Lesson #2: Love is the answer (to a LOT of questions)

October 31, 2013: Why is this date so important? It’s Halloween? It’s the day after the Red Sox won the World Series at Fenway Park? These are important, however for me the significance is that this would have been my Mom’s 83rd birthday, so it’s the perfect day to share Lesson #2: Love is the answer! There are so many vital lessons Mom and Dad taught me throughout my life, but the importance of love, unconditional love, is likely the foundation for all good things in my life. I am who I am because you loved me Mom, no doubt about it! I believe the gift of unconditional love gives you the best chance of loving yourself and others and that this is a key to a happy and fulfilled life.

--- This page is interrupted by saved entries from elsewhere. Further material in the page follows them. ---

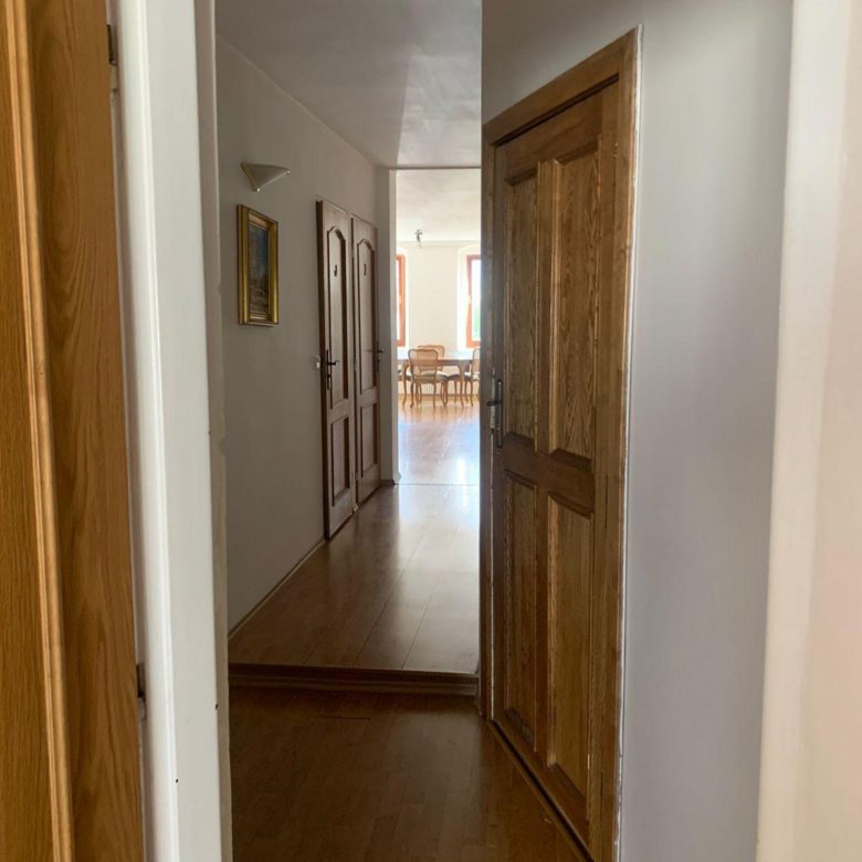 Byt působí velmi příjemně – je světlý, vzdušný a díky vysokým stropům má opravdu hezkou atmosféru. Jídelní prostor s kuchyňským koutem nabízí místo jak pro vaření, tak pro společné chvíle s rodinou nebo přáteli. Kuchyň je vybavena lednicí, troubou se sporákem i myčkou. Technická/ úklidová místnost s bojlerem samostatně oddělena. Dále byt disponuje dvěma samostatnými ložnicemi, koupelnou s vanou a pračkou a samostatnou toaletou. Všechny zmíněné místnosti spojuje dlouhá chodba.
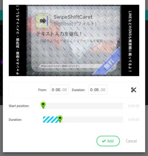 動画のURLを乗せると開始時間と終了時間を設定できます。
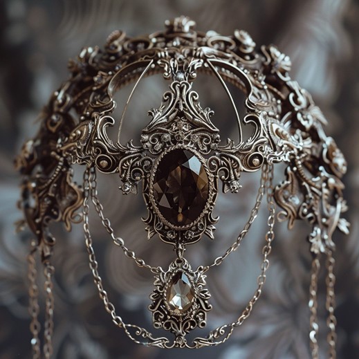 The Somnolent Sandman takes the form of an ornate headpiece, intricately crafted from a blend of tarnished silver and smoky quartz. Delicate filigree patterns reminiscent of swirling dream clouds adorn the surface, with hints of ethereal mist seeming to swirl within the quartz crystals.

Ever wondered why most songs are written about love? I was listening to some music yesterday, and Wynonna Judd’s song “It All Comes Down to Love” came on and really made me think of Mom. The lyrics say “there is only one answer, it all comes down to love”. This love starts with loving yourself, which can be harder than loving others for many. Mom was my biggest fan, even when I wasn’t a big fan of myself. Her steadfast and unconditional love gave me the basis to learn to love myself and then others unconditionally. Love from and for others, whether it be with your God, family, friends, partners, or pets adds depth and meaning to our existence in ways that are hard to put into words. Love makes the highs higher, helps keep the lows minimal, and makes the unimaginable manageable.

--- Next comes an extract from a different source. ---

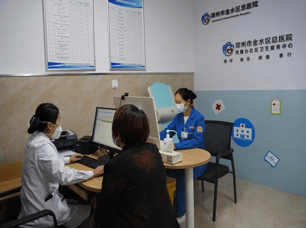 全科医生和公卫家庭医生助理一体办公。全科医生负责为前来就诊的患者进行检查、诊断、治疗等医疗服务。家庭医生助理负责查询个人电子健康档案,进行现场签约、履约等公卫服务
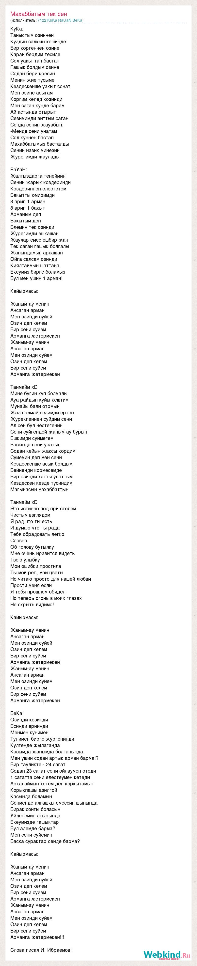 КуКа: Таныстым озиннен Куздин салкын кешинде Бир коргеннен озине Карай бердим тесиле Сол уакыттан бастап Гашык болдым озине Содан бери кресин Менин жие тусыме Кездескенше уакыт сонат Мен озине асыгам Коргим келед козинди Мен саган кунде барам Ай астында отырып Сезимимди айттым саган Сонда сенин жауабын: -Менде сени унатам Сол куннен бастап Махаббатымыз басталды Сенин назик минезин Журегимди жаулады РаУаН: Жалгыздарга тенеймин Сенин жарык коздеринди Коздериннен елестетем Бакытты омиримди 8 арип 1 арман 8 арип 1 бакыт Арманым деп Бакытым деп Блемин тек озинди Журегимди ешкашан Жаулар емес ешбир жан Тек саган гашык болгалы Жанындамын аркашан Ойга салсам озинди Киялтаймын шаттана Екеумиз бирге боламыз Бул мен ушин 1 арман! Кайырмасы: Жаным-ау менин Ансаган арман Мен озинди суйей Озин деп келем Бир сени суйем Арманга жетермекен Жаным-ау менин Ансаган арман Мен озинди суйем Озин деп келем Бир сени суйем Арманга жетермекен Танмайм xD Мине бугин куп болмалы Ауа райдын куйы кештим Мунайы бали отрмын Жаза алмай сезимди ертен Журекпеннен суйдим сени Ал сен бул нестегенин Сени суйгендей жаным-ау бурын Ешкимди суймегем Басында сени унатып Содан кейын жаксы кордим Суйемин деп мен сени Кездескенше асык болдым Бейненди кормесемде Бир озинди катты унаттым Кездескен кезде тусиндим Магынасын махаббаттын Танмайм xD Это истинно под при столем Чистым взглядом Я рад что ты есть И думаю что ты рада Тебя обрадовать легко Словно Об голову бутылку Мне очень нравится видеть Твою улыбку Мои ошибки простила Ты мой реп, мои цветы Но читаю просто для нашей любви Прости меня если Я тебя прошлом обидел Но теперь огонь в моих глазах Не скрыть видимо! Кайырмасы: Жаным-ау менин Ансаган арман Мен озинди суйей Озин деп келем Бир сени суйем Арманга жетермекен Жаным-ау менин Ансаган арман Мен озинди суйем Озин деп келем Бир сени суйем Арманга жетермекен БеКа: Озинди козинди Есинди ернинди Менмен кунимен Тунимен бирге жургенинди Кулгенде жылаганда Касымда жанымда болганында Мен ушин содан артык арман барма!? Бир тауликте - 24 сагат Содан 23 сагат сени ойлаумен отеди 1 сагатта сени елестеумен кетеди Аркалаймын кетем деп коркытамын Корыкпашы азилгой Касында боламын Сенменде алгашкы емессин шынында Бирак сонгы боласын Уйленемин акырында Екеумизде гашыктар Бул алемде барма? Мен сени суйемин Баска сурактар сенде барма? Кайырмасы: Жаным-ау менин Ансаган арман Мен озинди суйей Озин деп келем Бир сени суйем Арманга жетермекен Жаным-ау менин Ансаган арман Мен озинди суйем Озин деп келем Бир сени суйем Арманга жетермекен!!! Слова писал И. Ибраемов!

I know some weren’t as blessed as I was to have this unconditional love from my Mom and Dad, but this doesn’t mean you can’t give it to yourself, or find it in others so please don’t give up, it’s worth the effort. There are others who may avoid love to avoid the pain of loss, so listen up. The saying “it is better to have love and lost than not to have loved at all” is so very true, I know this first hand. Losing my Mom and my wife Judy within 6 months of each other will likely be the worst thing that will ever happen to me, however the kind and depth of love I had with each of them I didn’t even know existed until I experienced it. I’m not saying the loss isn’t incredibly painful; I’m saying the benefits outweigh the risks. In addition, they might be gone, but their love continues to enrich my life each day. That can never be taken away.

Love enriches life on it’s own, but it also provides other feelings that make the benefits exponentially better, like a feeling of safety. Quite frankly, I think feeling safe is only second to feeling loved. The importance of feeling safe was highlighted in caring for Judy and Mom towards the end of their lives. Both of these amazingly courageous and gracious women expressed that feeling safe and loved was always important, but now helped them not fear death. If you have a good circle of love around you and you feel safer and with less fear, you just might live life more fully because of that “safety net” of love. See how this works? It’s like this cascading set of feelings that support who you are and what you might be in this earthly life, and that all begins with love.

Happy Birthday Mom! No matter what the question, your love was and is my answer!

Ponder this: Who provides you the most love in your life? What does that love mean for you? Do they know this ? What might be missing in your life? How could love of yourself and from others, change this?